Are you really sure that you can put a RefCell inside of an Arc? I think Rust would be unhappy about this due to the RefCell not being Sync…


#4

Thanks @dfockler for the suggestion. If it makes any difference, I don’t need to actually access these variables from other threads, I was just used thread local storage because the consensus online seemed to be that globals were bad.


#5

Thread-local storage is really a hack to keep global variables working in multi-threaded programs :slight_smile:

If you don’t need multi-threaded access, then RefCell should do just fine.


#6

You are probably correct! Is there a way to do threadsafe interior mutability?


#7

You can put the RefCell behind a Mutex, for example.


#8

Why would you do so when Mutex<T> has interior mutability already?


#9

Since mutex provides (temporary) &mut access, the RefCell here is totally unnecessary :slight_smile:

@dfockler So the answer for threadsafe mutability is basically Mutex, RwLock or atomic types from the std::sync::atomic module. You can also try searching crates for some concurrent data structures.


#10

Argh, sorry - I meant to say put the object behind the Mutex, not the RefCell - thanks for pointing that out.


#11

Yes, my hands and brain were out of sync when I wrote that.

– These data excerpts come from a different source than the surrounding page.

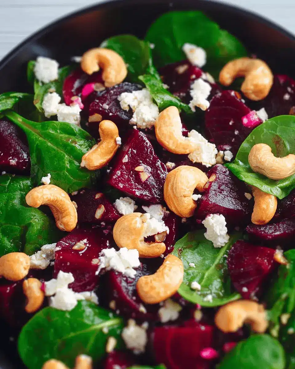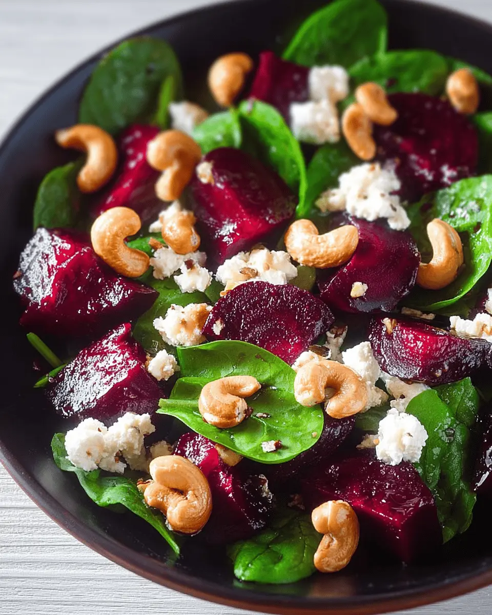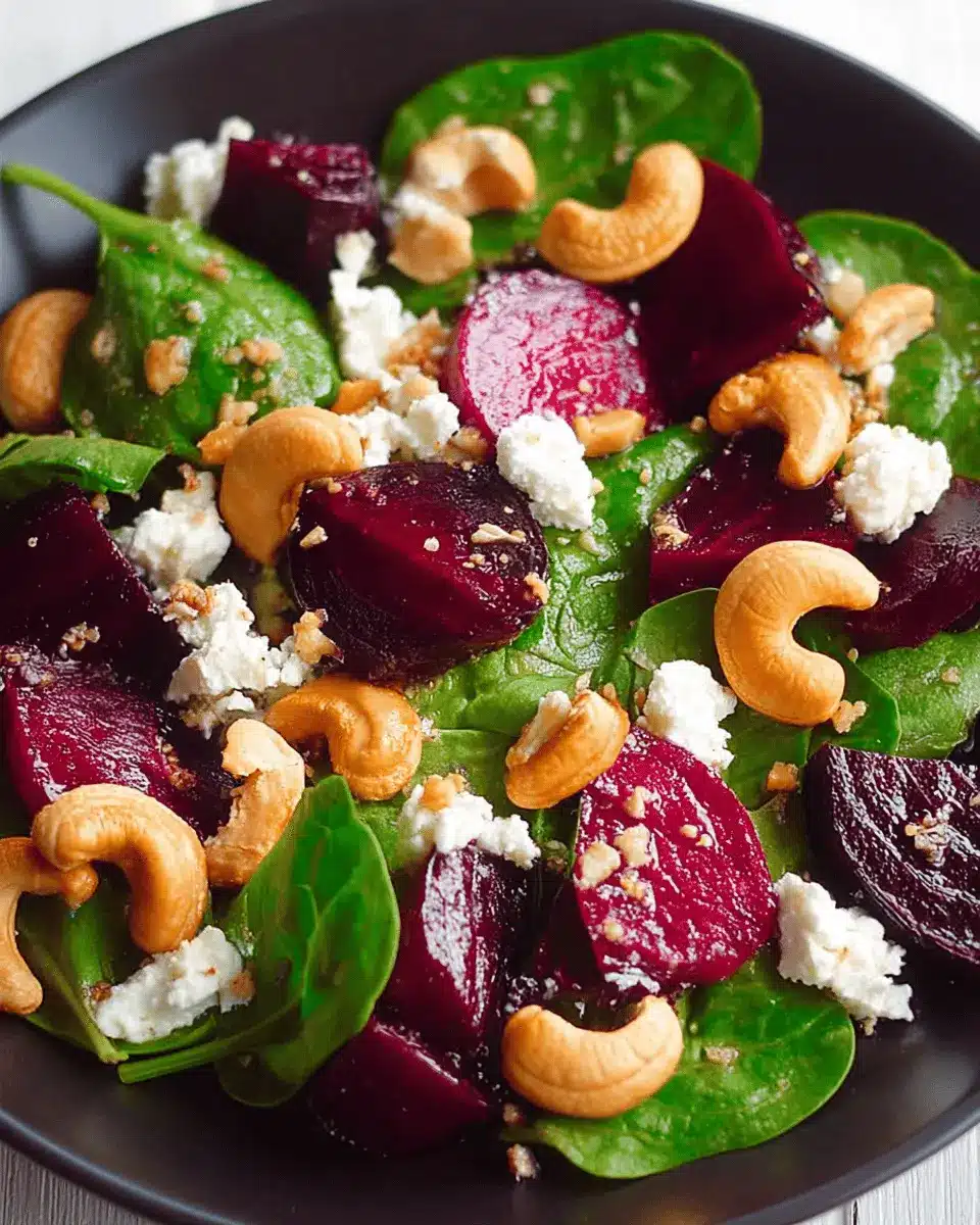 Beet Salad with Spinach, Cashews, and Goat Cheese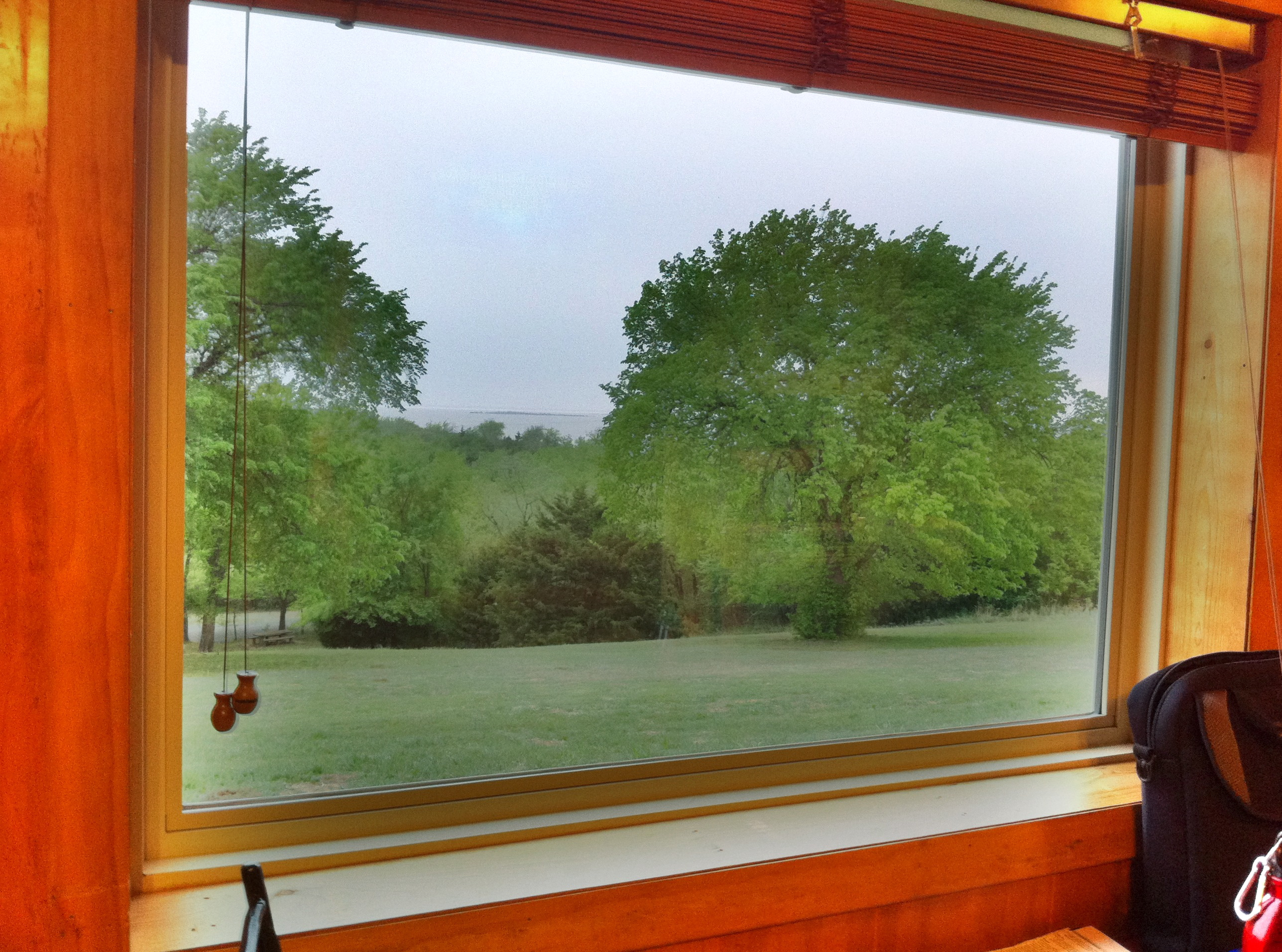 I must add here that yes, the cabin was rustic, but also contained a fully equipped bathroom and kitchen as well as a flat-screen HDTV with Dish Network. If I must “rough it,” THIS is the way I prefer! And check out the view from our cabin window (that’s the lake in the distance).
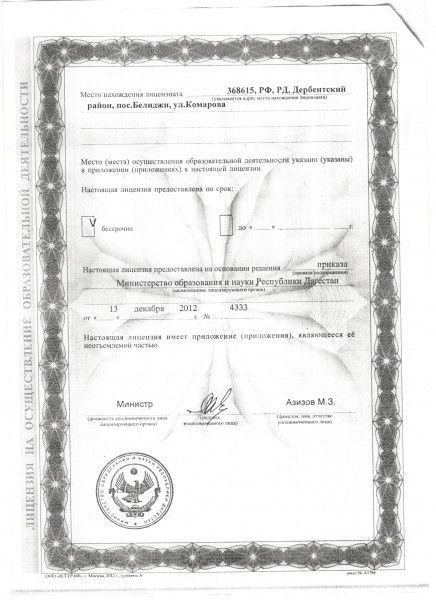 | Адрес местонахождения образовательной организации* | 368615, Республика Дагестан, Дербентский район, пос.Белиджи, ул. Комарова |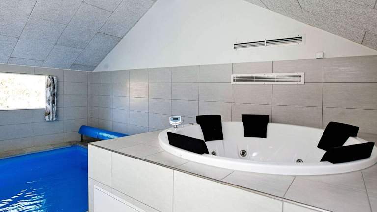 Das Ferienhaus verfügt über 5 Schlafzimmer, ein helles Wohnzimmer sowie eine gut ausgestattete Küche. Zudem sind 3 Badezimmer vorhanden, die mit einer Badewanne oder Dusche und einem Whirlpool ausgestattet sind.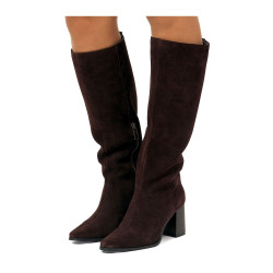 Botas de tacón para mujer marca Mtng, modelo Meghan de color moka. Su diseño liso y alargado estiliza la pierna, mientras que la puntera afilada y el tacón ancho alto aportan una silueta moderna y femenina. Perfecta para combinar con vestidos o faldas midi, su acabado en serraje suave añade un toque cálido y versátil para los meses más fríos. Fabricado con piel que proviene de fabricantes aprobados por el protocolo «Leather Working Group», donde evalúan el cumplimiento ambiental y el desempeño, promoviendo prácticas comerciales ambientales sostenibles dentro de la industria del cuero.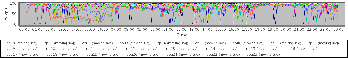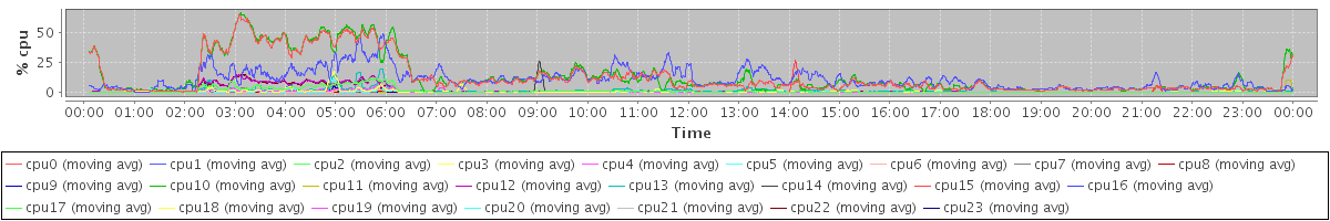 avg(cpu0) = 0.17 avg(cpu1) = 0.15 avg(cpu2) = 0.11 avg(cpu3) = 0.09 avg(cpu4) = 0.07 avg(cpu5) = 0.04 avg(cpu6) = 0.04 avg(cpu7) = 0.02 avg(cpu8) = 0.02 avg(cpu9) = 0.01 avg(cpu10) = 0.10 avg(cpu11) = 0.00 avg(cpu12) = 0.03 avg(cpu13) = 0.03 avg(cpu14) = 0.07 avg(cpu15) = 0.05 avg(cpu16) = 0.05 avg(cpu17) = 0.08 avg(cpu18) = 0.05 avg(cpu19) = 0.04 avg(cpu20) = 0.05 avg(cpu21) = 0.00 avg(cpu22) = 0.01 avg(cpu23) = 0.00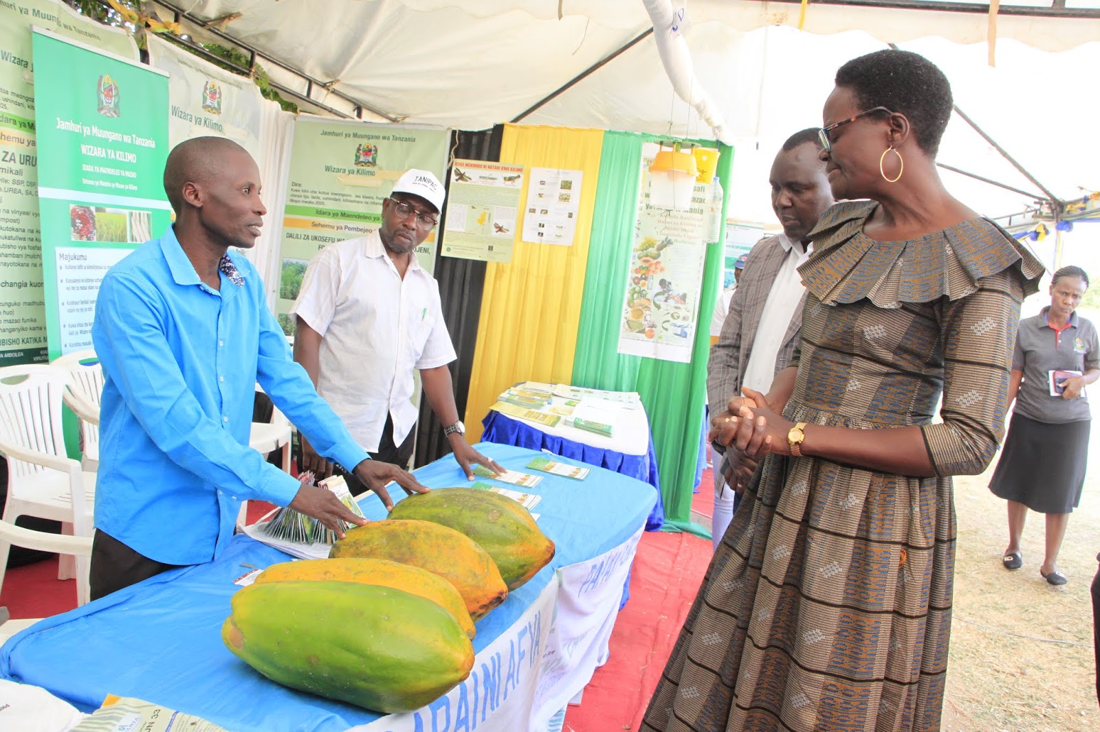 Dkt. Tulia akipata maelezo ya kilimo cha mapapai.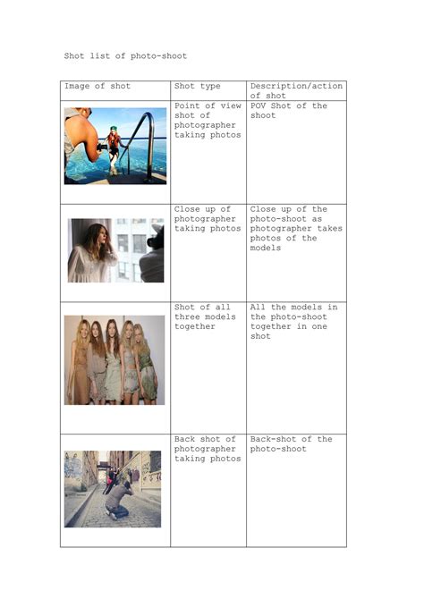 shot list example photoshoot. There are any references about shot list example photoshoot in here. you can look below.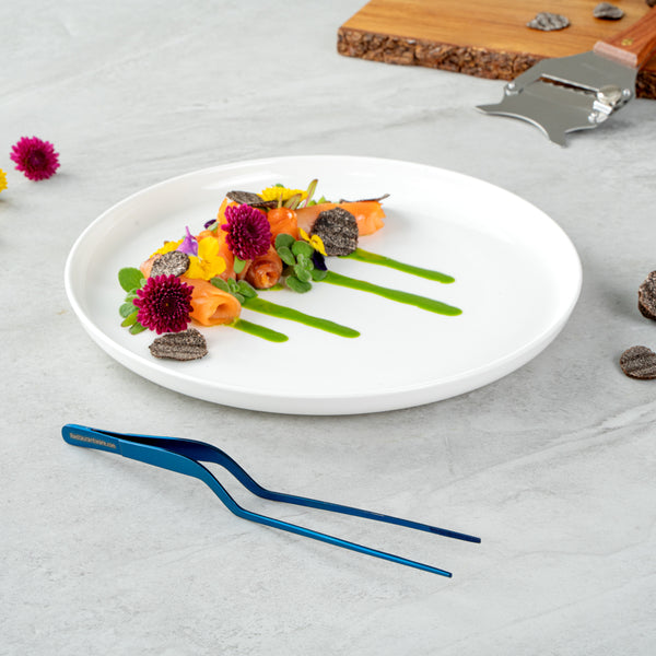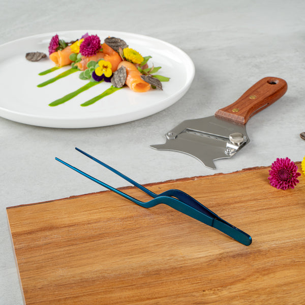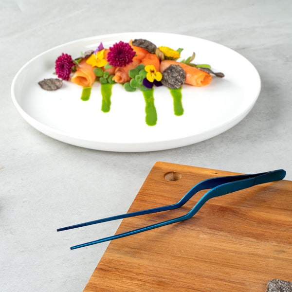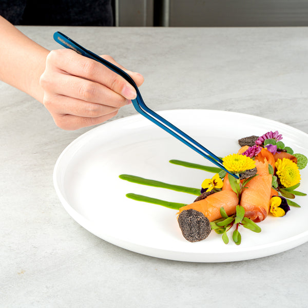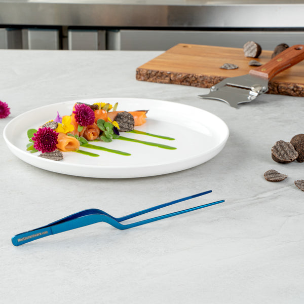 Get your hands on our Perfect Point Titanium Blue Stainless Steel Offset Tweezers for game-changing culinary experiences. Fabricated from blue titanium stainless steel, these food tweezers blend appealing design with exceptional durability, prepared for any kitchen ambiance. The distinctive offset designs and finely pointed tips of these stainless steel tweezers support accurate plating, particularly when dealing with intricate garnishes and decorative aspects. Suitable for both hot and cold food handling, these blue tweezers add versatile tools to your kitchen arsenal. Measuring 8 inches in length, these tweezers provides a comfortable hold, facilitating the careful crafting of your culinary masterpieces. Sold in 1 count boxes.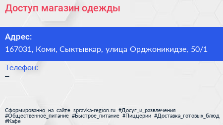 Доступ, магазин одежды по адресу 167031, Коми, Сыктывкар, улица Орджоникидзе, 50/1 в дальнейшем Организация, размещена в следующих категориях: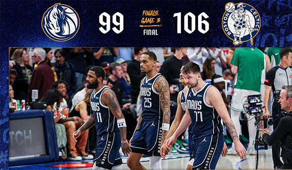 JRS直播网讯 NBA总决赛G3打得跌宕起伏,凯尔特人106-99击败独行侠,大比分3-0领先,斩获总冠军点,再赢一场就可以夺冠。独行侠开场9-2领先,一度领先凯尔特人两位数,在塔图姆的带领下,双方鏖战,凯尔特人上半场落后1分。第三节,杰伦布朗单节轰下15分,凯尔特人领先对手15分,并且在第四节初期顺利将差距拉大到21分。不过主场作战的独行侠不放弃,一波22-2缩小分差,东契奇6次犯规被罚下,凯尔特人顶住压力,布朗和怀特关键球,取得胜利,3-0领先的情况下,夺冠在即。

Note that RwLock isn’t Sync or Send unless the underlying value is both, so it restricts its uses a bit.


#12

I didn’t know that. I guess it makes sense that if you are locking something through the Mutex then it is ensured that it won’t be able to mutate in multiple places at once.


#13

Yes. Another comment which I’d have on RWLock is that it is less useful than many people think:

  • Acquiring an RWLock involves locking a mutex + extra stuff, so a Mutex is faster under low contention
  • If the reads are fast, you never amortize the overhead, so a Mutex is always faster
  • Even if the reads are slow, the initial mutex-locking can still end up being a bottleneck with many readers

My usual guidelines for concurrent data structures would be:

  • If you do not expect contention, a Mutex is likely to be the fastest and least memory-hungry option
  • When contention could be a problem, try to acquire the contended locks less (by sharing less data, or sharing it less frequently), and for shorter periods of time (through finer-grained locking)
  • Only after you have unsuccessfully gone through both of these design stages, should you start thinking about more clever concurrent data structures like reader-writer locks or lock-free/wait-free objects. Make sure you understand the underlying design tradeoffs, and pick wisely.

#14

I don’t want to sidetrack this thread too much, but I’ll just add that a shared-nothing (or as close to that as possible) design (which you sort of touch upon) will generally scale (across core counts) better. Of course, being stuck with locks and (mutably) shared memory is a fact of life a lot of times too :slight_smile:.


#15

The discipline I usually try to follow is to share only share data which…

  • …is immutable (&data) or extremely rarely mutated (RCU)
  • …has to be mutated regularly for the program to work correctly (application-dependent data structure, either Mutex-protected or something more clever depending on contention)

Even in the later case, one can often eliminate a great deal of contention by working on a thread-private cache instead of always modifying the shared object. This is how scalable memory allocators work, for example.


#16

The “shared-nothing” designs typically involve sharding the workload across threads (= # of cores, in general), with each thread handling a subset of the load and having its own thread-local resources. Communication between the threads is minimized, but when it needs to happen, is done via message passing using a mesh of something like spsc queues (which can be dirt cheap, i.e. no atomic ops, on some archs).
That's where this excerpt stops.